Click on ‘DISPLAY’ to show the WFS grid, generated in .sdif format.
To generate the file in the .sdif format, click either on ‘EXPORT TO DOCUMENT FOLDER’ or on ‘EXPORT TO HOME FOLDER’ , according to your preferences. Open the relevant folder, and you’ll find the .sdif file you created. The other files (.txt and .coll) are not needed.
If your system is made of several WFS array, don’t forget to rename the file before generating new ones, to identify them more easily.
Import an SDIF file to the processor (Legacy) (click to expand)
SDIF File import is no longer supported. Contact HOLOPHONIX Support to learn how to add SDIF Files to your project.
Files imported with a previous version of HOLOPHONIX are still available.
When a source is moved from one position to an other, the delay value has to change continuously. Changing a delay continuously creates artifacts, no matter what method is used. But depending on your audio signal (voice, rythmic or melodic instrument, etc.), and the type of movements, you might prefer one method over an other.
VDELAY method will apply a variable delay, causing a doppler-like effect (pitch variation).
XDELAY method applies a crossfade between signals, causing comb-filtering (coloration).
Theoretically, in digital audio, a delay value can only be a multiple of the sample rate. To allow a smooth delay transition when a source is moved, it is necessary to apply delay values in between samples. Several methods allow to do that, each with its pros and cons. The recommended method is All Pass.
Lagrange 3 mode computes more precise delays values, but introduces delay-dependent filtering and phase delay in the audible spectrum, unless it is used at an oversampling frequency (i.e. at a sample rate ≥ 88.2 kHz or 96 kHz).
All Pass mode has the advantage to offer an excellent tone fidelity, as it does not introduce filtering. Delay values are not as precise as Lagrange 3, but are, but at the cost of less precise delay values. However, this method is more CPU-Intensive.
We recommend using All Pass as it offers excellent results and does not require oversampling.
The interpolation time corresponds to the time it will take to shift from one set of delay values to another. If you need to change this parameter, take into account the audio characteristics of your source (tone, sustained or percussive, ...), as well as the speed of its movements. You can also try changing this parameter along with Interpolation Mode.
The ramp time is the time it will take to shift from one set of gain values to another.
This setting allows the user to modify proportionally the delay values, by decreasing the delay differences (under 100%) or increasing them (over 100%).
The chosen percentage will act as a multiplication factor for the set of delay values applied. When the delay scaling is set to 200%, all delays will have double the value they had at 100%, while at 50% they will have half the value. Setting the delay scaling at 0% will set all delays to 0 ms, only the level differences will remain.
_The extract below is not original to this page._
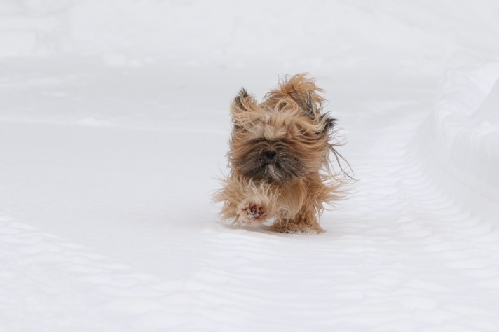 Vietimme viime viikon koirien kanssa maalla Keski-Suomessa. On ihanaa kun Suvia lukuunottamatta kaikkia voi pitää vapaana, koirat nauttivat toden teolla tästä ja lumisateesta ja pakkasesta huolimatta viettivät pihalla pitkiäkin aikoja keskenään leikkien. Kaspian oli tyytyväinen viime syksyiseen ostokseeni, Hurtta Extreme Warmer -takkiin, ei näyttänyt tulevan se päällä lainkaan kylmä. Hieman närkästystä aiheutti se, kun kielsin syömästä lunta – edes sitä valkoista. Alla olevasta kuvasta voi bongata Kaspianin mielipiteen… Otin myös joitakin kuvia Dawasta, apso osaa olla aika hauska näky pinkoessaan vähintäänkin täysiä. Loppuviikosta Dawa aloitti odotusten mukaan myös juoksunsa, joten meillä eletään nyt jännittäviä aikoja.

The delay scaling has a direct impact on the filtering effects (coloration) that are caused by the delays when moving a source. Depending on the audio signal, this comb filtering-like sensation can be more or less disturbing.
In most cases, a Delay Scaling value around 90% preserves a natural timbre, while maintaining a good spatial accuracy when changing grid position.Delay Scaling can be used to modify the shape of the wave front, making it closer to a plane wave for values under 100%, or to increase the delays between the speakers for values over 100%, thus relying more on the precedence effect for the perception of sound localization.
This setting allows to modify the differences between the gain values by decreasing them (under 100%), or increasing them (over 100%).
Use this setting when sources are positionned close to the WFS speaker array. With a setting a little bit lower than 100%, you will start using more loudspeakers, and enhance the perception for listeners closer to the array.